名古屋市交通局の「敬老パス」。65歳以上の高齢者が一部負担金を支払うことで地下鉄と市バスが1年間、乗り放題になる定期券として知られます。ところが、名古屋市が昨年11月に新年度に目指していた高齢者の負担金を2倍に引き上げる方針をであることが明らかとなり、議論の行方が気になっていましたが、敬老パスを所管する名古屋市健康福祉局がその計画を断念していたことが明らかになりました。負担金引き上げは高齢化の進展で増え続ける事業費抑制が目的でしたが、河村たかし市長の同意が得られなかったのが最大の要因だったそうです。
敬老パスを所管する名古屋市健康福祉局は昨年11月以降、河村市長に対して負担金引き上げへの理解を求めていましたが、市長は「引き上げより、乗客を増やす施策に力を入れるべきだ」と納得しなかったそうで、健康福祉局は新年度の引き上げを断念することを市長に伝えたそうです。新年度の敬老パス関連予算案は、現行制度を前提につくられるとのこと。 敬老パスの負担金制度は2004年に導入。負担額は所得に応じ、年間1000円・3000円・5000円と異なります。健康福祉局は、敬老パスの利用者数に割引運賃をかけた総額を事業費として交通局などに支払っており、事業費は年130億円。負担金で賄える10億円を除く120億円は税金で負担しているため、名古屋市の財政を圧迫する存在になっています。

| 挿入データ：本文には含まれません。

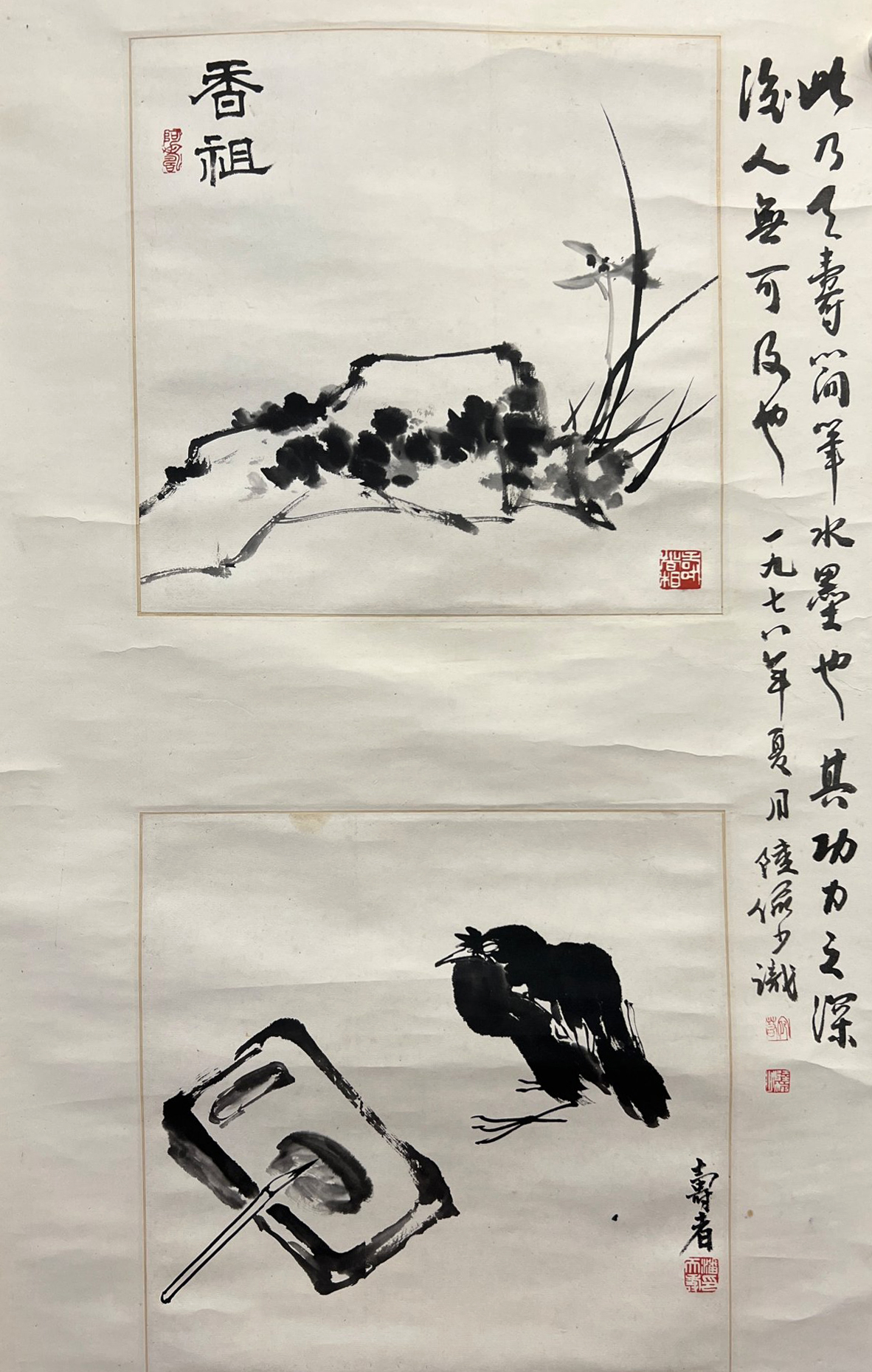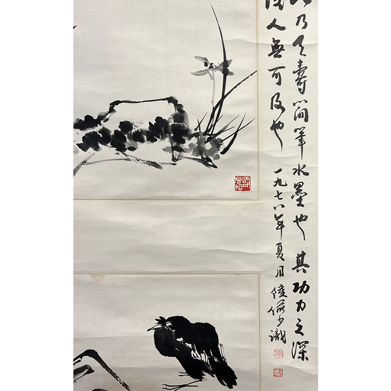 潘天寿(1897年3月14日—1971年9月5日),字大颐,自署阿寿 、寿者。中美协副主席,现代画家、教育家。浙江宁海人。1915年考入浙江省立师范学校,受教于经亨颐、李叔同等人。其写意花鸟初学吴昌硕,后取法石涛、八大,曾任中国美术家协会副主席、浙江美术学院院长等职。潘天寿精于写意花鸟和山水,偶作人物。尤善画鹰、八哥、蔬果及松、梅等。落笔大胆,点染细心。墨彩纵横交错,构图清新苍秀,气势磅礴,趣韵无穷。画面灵动 ,引人入胜。作品《露气》、《雨后千山铁铸成》、《记写雁荡山花》等均藏于中国美术馆;收编成辑有《潘天寿画集》、《潘天寿画选》、《潘天寿画辑》、《潘天寿书画集》等。

名古屋市政を考えるうえで、敬老パスの存在は事あるごとに議論の対象となりました。本山市長時代にスタートしたこの制度。当時は大いに歓迎されましたが、高齢化社会の到来と交通局収支の悪化が重なり、松原市長時代には負担金の設定が行われましたが、なおタダ同然の敬老パスについて見直しを求める声も高まりつつあります。私は現行の2倍程度の値上げを行っても、高齢者も「受益者負担の法則」に従い負担することこそ、市民としての社会参加だと思います。
しかし、河村市長。交通局についてはノープランぶりが露呈しています。当選当時は交通局民営化と言ってた頃の勢いは既に失せ、あおなみ線SL走行実験で市民世論を二分する始末。更に今回の敬老パス値上げ中止。選挙では圧倒的な強さを誇る名古屋の殿様も、遂に選挙対策のエサとして「敬老パス」特権の温存を示したのは、次回の市長選及び市会選対策のような気もします。特に後者では減税日本が何議席残るか、半ば程度問題になっていますからね。遂に敬老パスが選挙の票を左右する点取り虫になるとは、創設した本山市長はお嘆きのことでしょうね。